We follow Luma as she is milked or allowed to enjoy the fresh air in the pasture or as she ages into a more stubborn create. What the film does is keep a neutral stance. We follow Luma, and at times her calf, and nothing else. The humans throughout the film are more accessories to the story. We seem them go throughout their days’ work and we only see them when they interact with Luma.
To assist with Arnold’s message, or more gaze, is cinematographer Magda Kowalczyk. Kowalczyk helps set the tone and keep us intrigued with Luma’s journey. The camera work is close and personal. This pairing allows for audiences to take what they want from the film. You can simply take it as an examination of dairy farming from the perspective of the cow, or, like many do with animals, you can project human feelings onto Luma as you gaze into her big, round eyes.
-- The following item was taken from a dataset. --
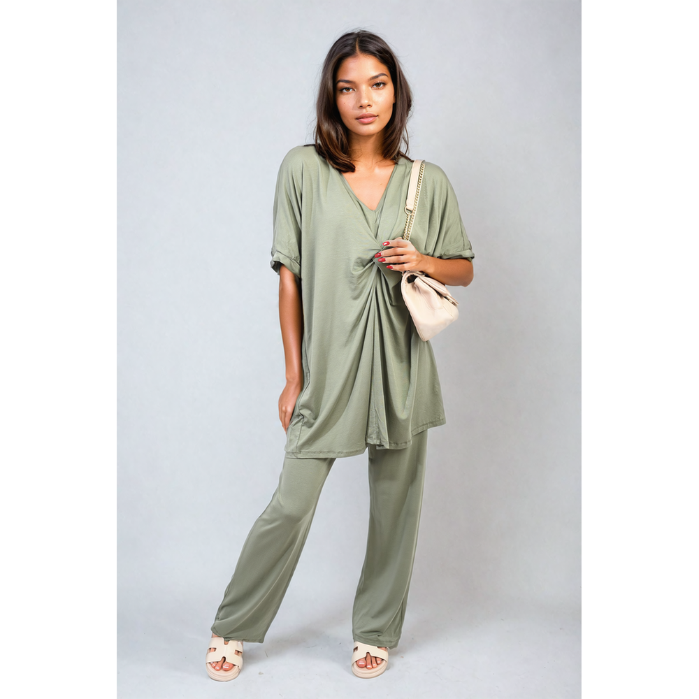 Effortless Elegance: Tiana Twist Front Plunge Neckline Top and Trouser Co-ord Set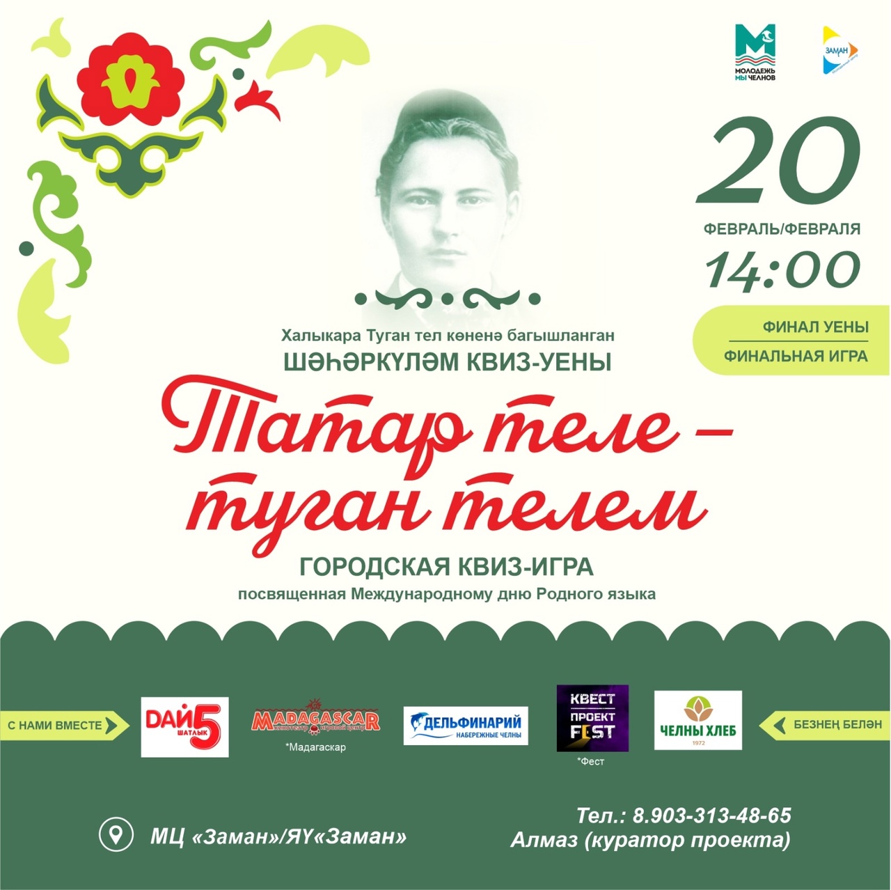 20 февраля в молодежном центре «Заман» состоится заключительная игра «Татар теле – туган телем». Начало в 14:00. Оценивать игру будут компетентное жюри, состоящее из специалистов культуры, педагогов, татарских писателей, журналистов и актеров татарского драматического театра.

At the end of the day, Arnold leaves what you take from this film in your own hands. And while the pacing may be slow as the days and weeks blend together for Luma, the ending will surely hit you like a ton of bricks. Arnold’s foray into documentary filmmaking is certain to leave an impact. Her vision is both methodical in absence of objective and in focused intrigue as events slowly unfold to the haunting conclusion. Regardless of your personal takes, one universal element all audience members can leave with is a keen eye for observation of those, including animals, around you.